Maybe part of this relates to two things David Lynch talked about — giving the audience ‘room to dream’ (ie project their own experience and associations), but also returning to what you are frequently making to check in on whether it still evokes the feeling you had when you first had the idea of making it, and always trying to make sure that whatever redrafting takes place still honours that. Also, many of the images I’m drawing on are so deeply personal that I deliberately obfuscate them to reduce their specificity in the hope that people can project their resonances onto them while still preserving the feel of it.

Redrafting is often associated with bringing more specificity; I think it’s possible to purge the original vibe. That’s not to say I don’t agree with redrafting; far from it. What I write is always heavily manipulated and rewritten, certainly lyrically, even if it still ends up looking like a stream of consciousness to some people.

All this gets stirred up together. Narrative beats, such as they are, are experienced through proximity with each other rather than any kind of linear narrative thrust, like a choose-your-own-adventure. Everything is intertextual and hyperlinked, which feels meaningful when I’m writing an album about nostalgia, where one recollection sparks and tumbles into another tangential memory.

Michael Woodman

(DC): You’ve been telling strange stories in musical form ever since early Thumpermonkey days. I think that there are even a few on Hitchhikers May Be Escaping Inmates [the debut Thumpermonkey release, in 2001]. That EP’s more of a quick-cut multi-form sound collage than a series of songs, admittedly, but even on there there are fragments of spoken-word story — an encounter with the Devil on a tube train, bits of slapstick occult thriller, and what sound like fleeting chunks of a radio play. It’s all very parodic and game-like, somewhere between an esoteric sitcom and Dada, with the wit and spoofery very much to the forefront; but it’s interesting that even at that early stage you were playing around with texts in a way that challenged the music and the idea of what a song should be.

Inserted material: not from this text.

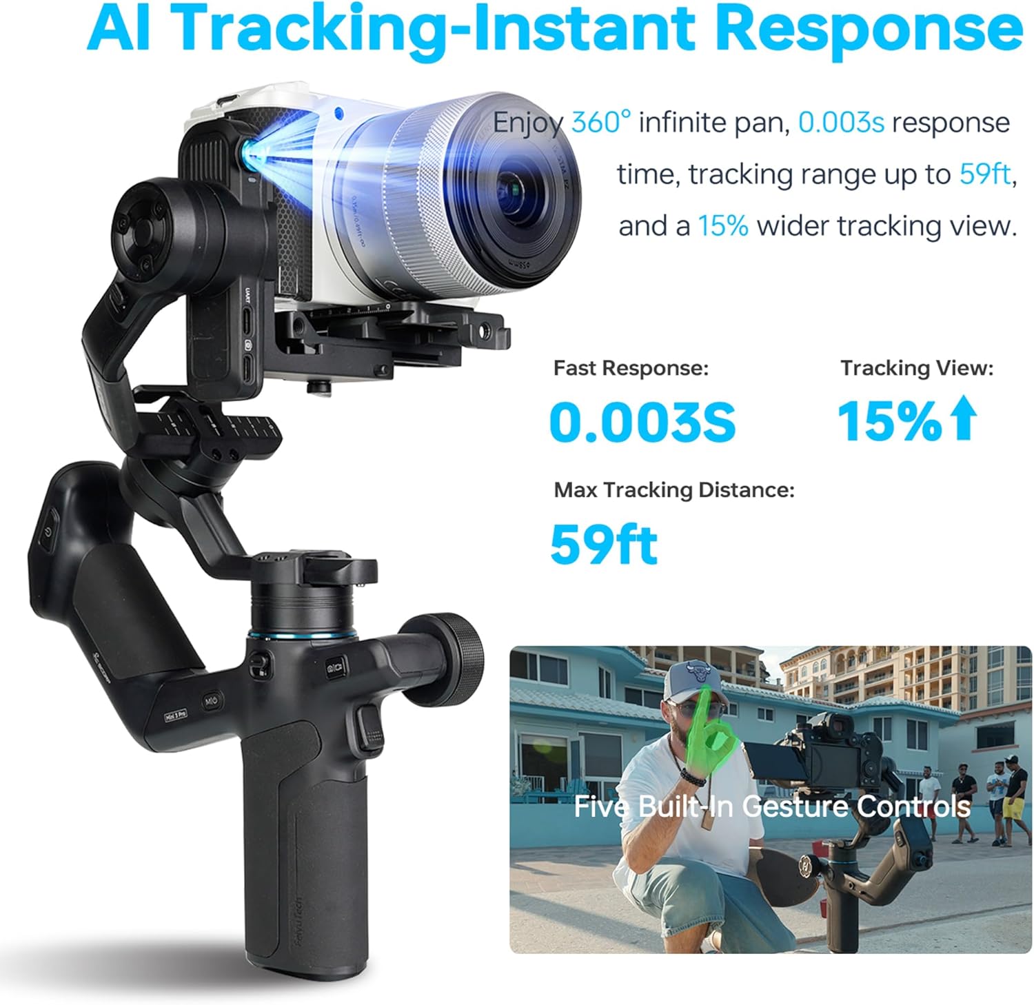 [AI Tracking-Instant Response, 360°lnfinite Tracking] Equipped with the latest AI 4.0 tracking module, SCORP Mini 3 Pro offers lightning-fast response in just 0.003s and tracks subjects up to 18 meters away—perfect for dynamic content creators who need smooth, intelligent framing.

(MW): I put this almost entirely down to hanging out in a friend’s garage listening to the original radio broadcast of Chris Morris’s Blue Jam.  Not the CD, which was pretty abbreviated, but the full episodes, which were importantly contextualised by the very specific music programming and had so much more content.

(DC): Blue Jam had a much more sinister undercurrent than Morris’ previous work, didn’t it? Partly it was those queasy-ambient musical textures, playing continuously — a bit like a hypnagogic emergency siren — but it was also a move away from his news spoofery. Its world was much more immersive and off-kilter: in some respects, more child-like and workaday but also threatening, shot through with out-of-control feelings, motivations and impulses, and with an unsettling sense that the unexplained was bleeding through. Again, it’s Lynchian… and as with much of his work, it’s playful…

(MW): It’s an almost indescribable tone, I find — the sort of thing that I perhaps mistakenly felt I wanted to emulate in a number of different contexts, and that’s not always successful. What it is trying to achieve is so singular.

Frustratingly, Blue Jam seems to have vanished into the memory hole; even more so than some of the most obscure Spectrum games, which is saying something. I suspect licensing issues, particularly around the music, might be to blame. The only versions that seem to exist publicly are on YouTube, but the music has been stripped out, which absolutely reduces the whole experience.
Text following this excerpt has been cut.